Work request: Images should not appear in the copy, yet every line of the listing below must be printed exactly.

*** Opening of Provided data ***

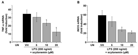 To further investigate whether the inhibitory effect of scytonemin on the production of TNF-α and NO in LPS-stimulated RAW 264.7 cells are due to the inhibitory effect of scytonemin on the mRNA expression of cognate genes, the effect of scytonemin on LPS-induced mRNA expressions of TNF-α and iNOS were assessed by quantitative RT-PCR. As shown in Figure 4A,B, LPS markedly induced the mRNA levels of TNF-α and iNOS, and this induction was dose-dependently inhibited by scytonemin treatment in RAW 264.7 cells.
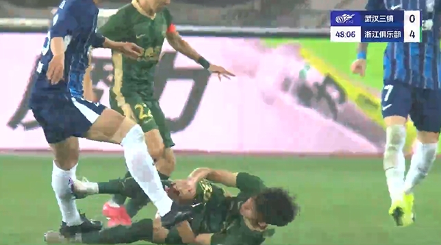03月28日訊 中超第3輪,武漢三鎮vs浙江。比賽第47分鐘,鄭凱木從身后踢倒王鈺棟,同時(shí)在王鈺棟倒地后,鄭凱木落地正好踩中王鈺棟腳踝,王鈺棟痛苦倒地。
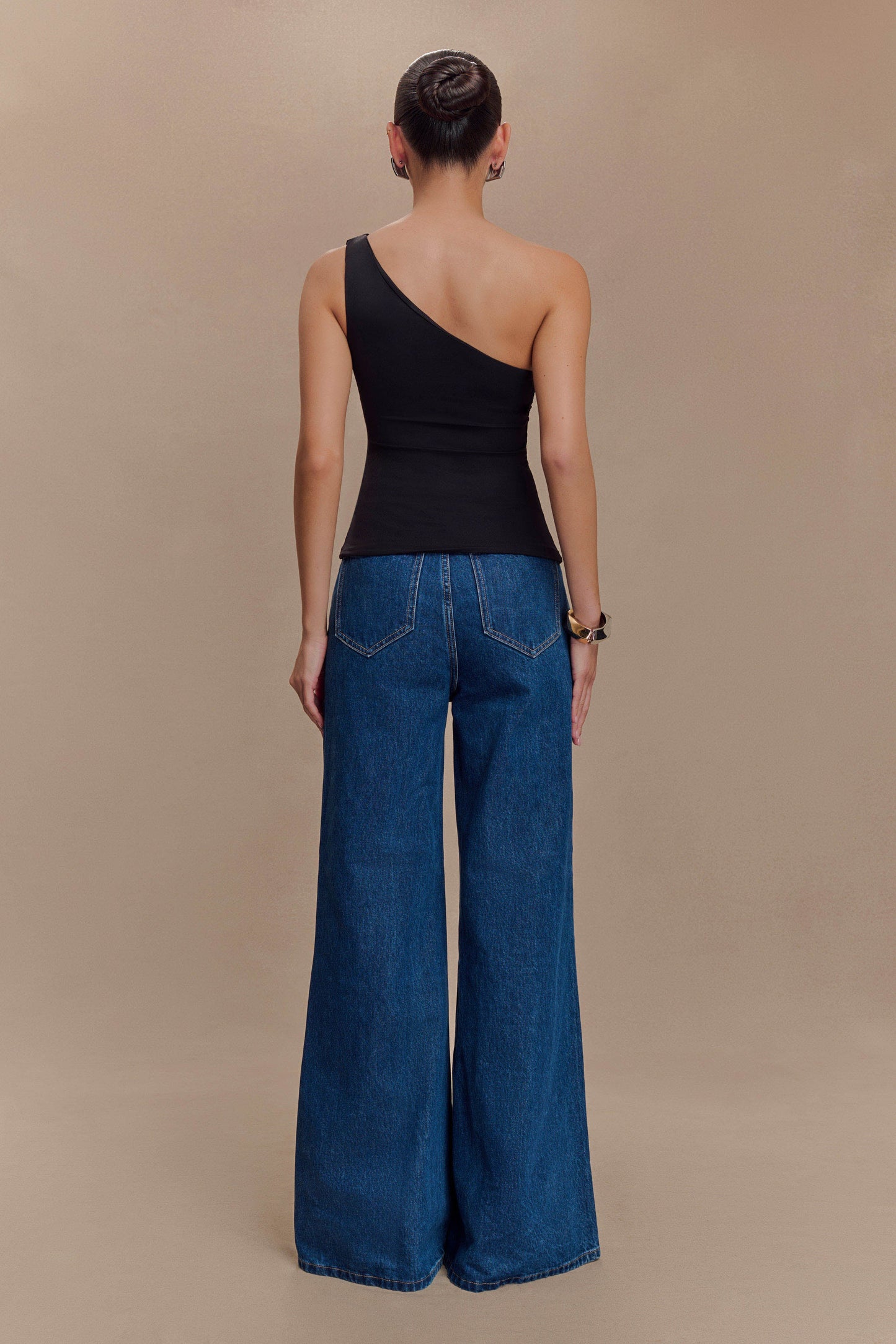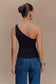 Sera One Shoulder Recycled Nylon Top With Drape - Black
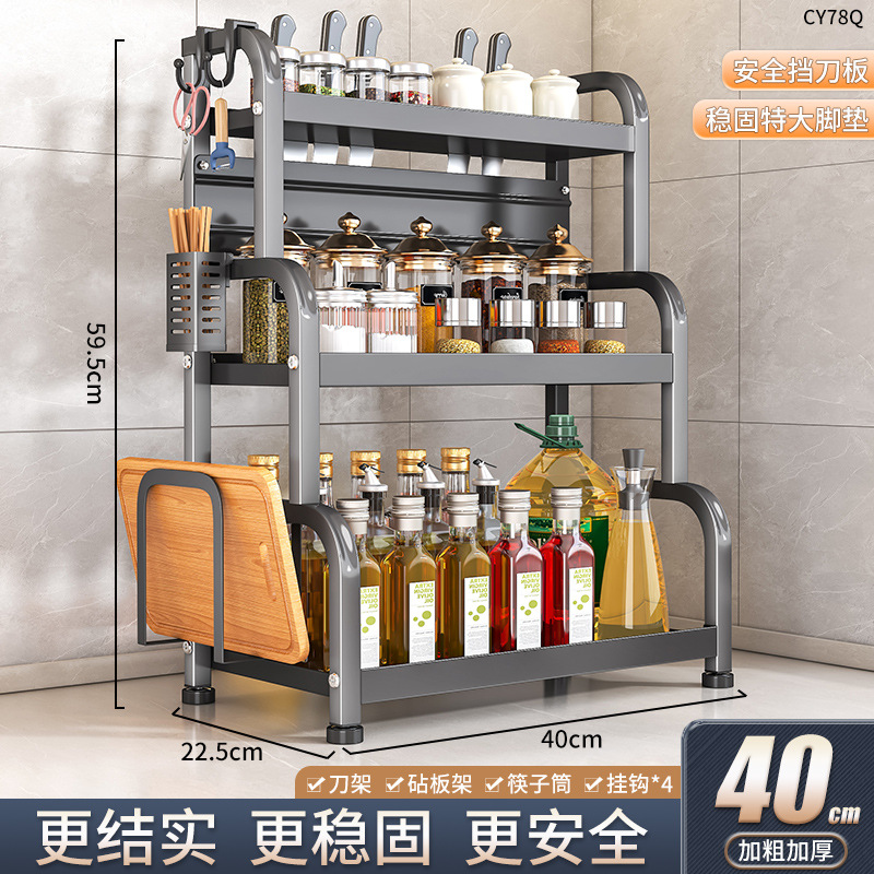 • [건그레이 3단 40cm] 칼꽂이 + 젓가락통 + 도마걸이 포함

*** Close of Provided data ***

Solution below:
 To further investigate whether the inhibitory effect of scytonemin on the production of TNF-α and NO in LPS-stimulated RAW 264.7 cells are due to the inhibitory effect of scytonemin on the mRNA expression of cognate genes, the effect of scytonemin on LPS-induced mRNA expressions of TNF-α and iNOS were assessed by quantitative RT-PCR. As shown in Figure 4A,B, LPS markedly induced the mRNA levels of TNF-α and iNOS, and this induction was dose-dependently inhibited by scytonemin treatment in RAW 264.7 cells.
03月28日訊 中超第3輪,武漢三鎮vs浙江。比賽第47分鐘,鄭凱木從身后踢倒王鈺棟,同時(shí)在王鈺棟倒地后,鄭凱木落地正好踩中王鈺棟腳踝,王鈺棟痛苦倒地。
 Sera One Shoulder Recycled Nylon Top With Drape - Black
 • [건그레이 3단 40cm] 칼꽂이 + 젓가락통 + 도마걸이 포함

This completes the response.